Не остался в стороне от всеобщего возбуждения и госпиталь. Хотя при докторе Студитском там и без того царили чистота и порядок, но все же у больных поменяли белье, а в кибитках лишний раз прибрались и проветрили. На первый взгляд все выглядело если не идеально, то максимально близко к этому, а стало быть, начальник госпиталя мог облегченно вздохнуть и присесть.

— Добрый день, Владимир Андреевич, — поприветствовал его непонятно откуда взявшийся Будищев.

— Добрый, Дмитрий Николаевич, — устало отозвался врач. — Вы к нам какими судьбами?

— Да вот, зашел моего обормота проведать.

— Кого, простите? Ах, вы, верно, про денщика. Шматов кажется?

— Да-да, про него родимого. Как он?

— Как сказать. Раны все еще не хороши, но уже заживают.

— Да разве же это раны? Так царапины.

— Если бы сразу обработали, были бы царапины. Удивляюсь вам, Будищев. Вы вроде бы человек не глупый и нельзя сказать, чтобы безграмотный. Неужели у вас не нашлось никакого антисептика?

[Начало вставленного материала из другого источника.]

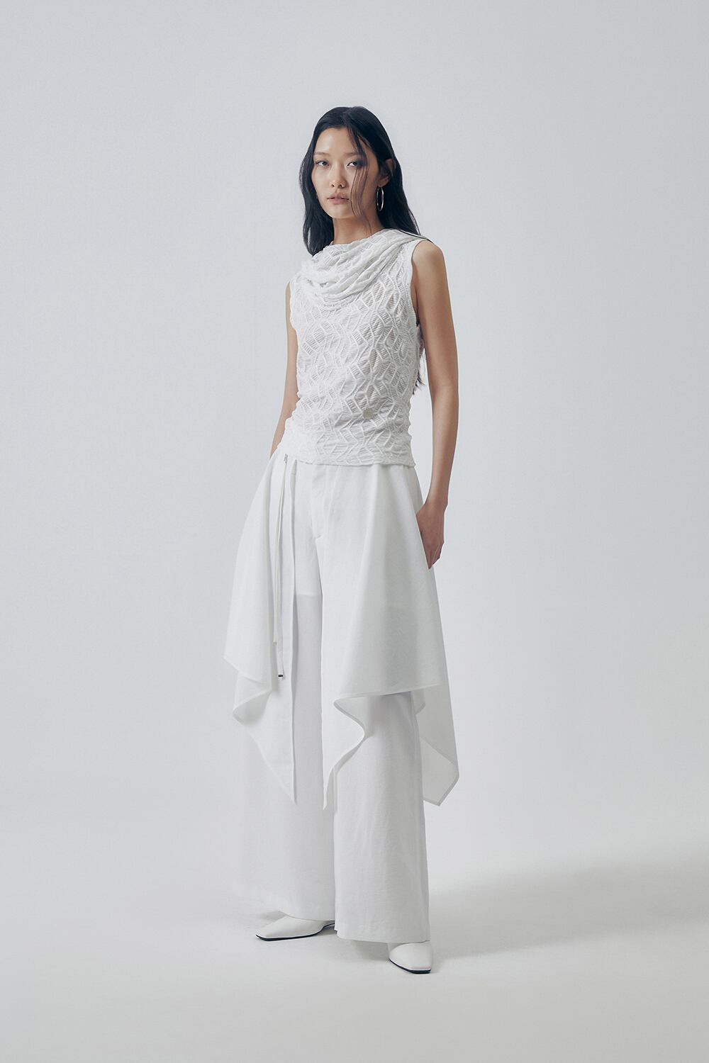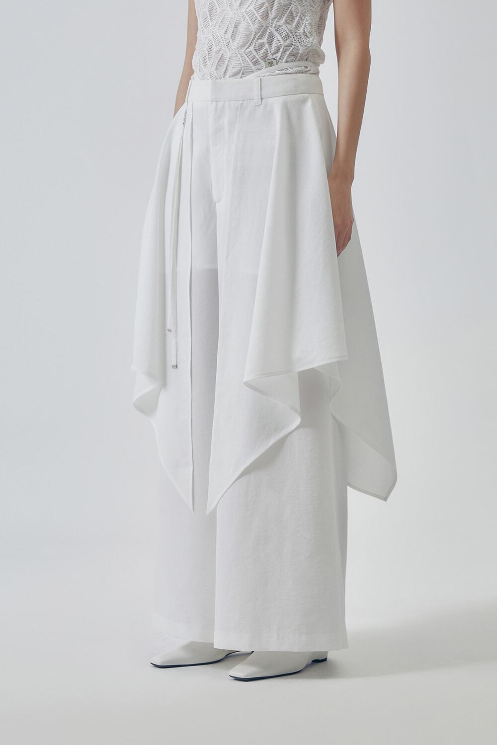 [TREEMINGBIRD] Layered Drape Strap Trouser [ White ]

— Нашлось, — пожал плечами кондуктор. — Спирт.

— И что же вам помешало?

— Ничего не помешало. Взял и вылакал, подлец.

— Выпил, что ли?

— Ага. Решил изнутри обработать.

— Понятно. Что тут скажешь, бывает. Ладно, парень он у вас, слава богу, здоровый, крепкий, но на будущее заведите что-то более действенное и менее пригодное к употреблению внутрь. Да хоть настойку йода!

— Вы полагаете, если бы он выпил йод, было бы лучше? — ухмыльнулся Дмитрий.

— А что мог?

— Да как два пальца… об песок.

— Однако! Ну что же поделаешь в таком случае. Будем лечить, тем более что мадемуазель Штиглиц окружила вашего денщика такой заботой, что лучшего и желать нельзя.

— Вот как?

— Говоря по чести, я поначалу и сам удивился. Но потом Люсия Александровна поведала мне о его поведении во время крушения поезда и прочих обстоятельствах, так что…

— Ладно, доктор, если вы не против, я проведаю этого засранца, да побегу дальше. Дел невпроворот.

— Вы поэтому такой нарядный? — иронически изогнул бровь Студитский.

— Что, нравится? — улыбнулся в ответ Будищев, одетый, против обыкновения, в тщательно вычищенный мундир и сапоги, а чехол на кепи просто пугал своей первозданной белизной.

— Очень! Если бы мы не ожидали приезда Михаила Дмитриевича, я бы подумал, что вы собрались свататься к одной из моих подопечных.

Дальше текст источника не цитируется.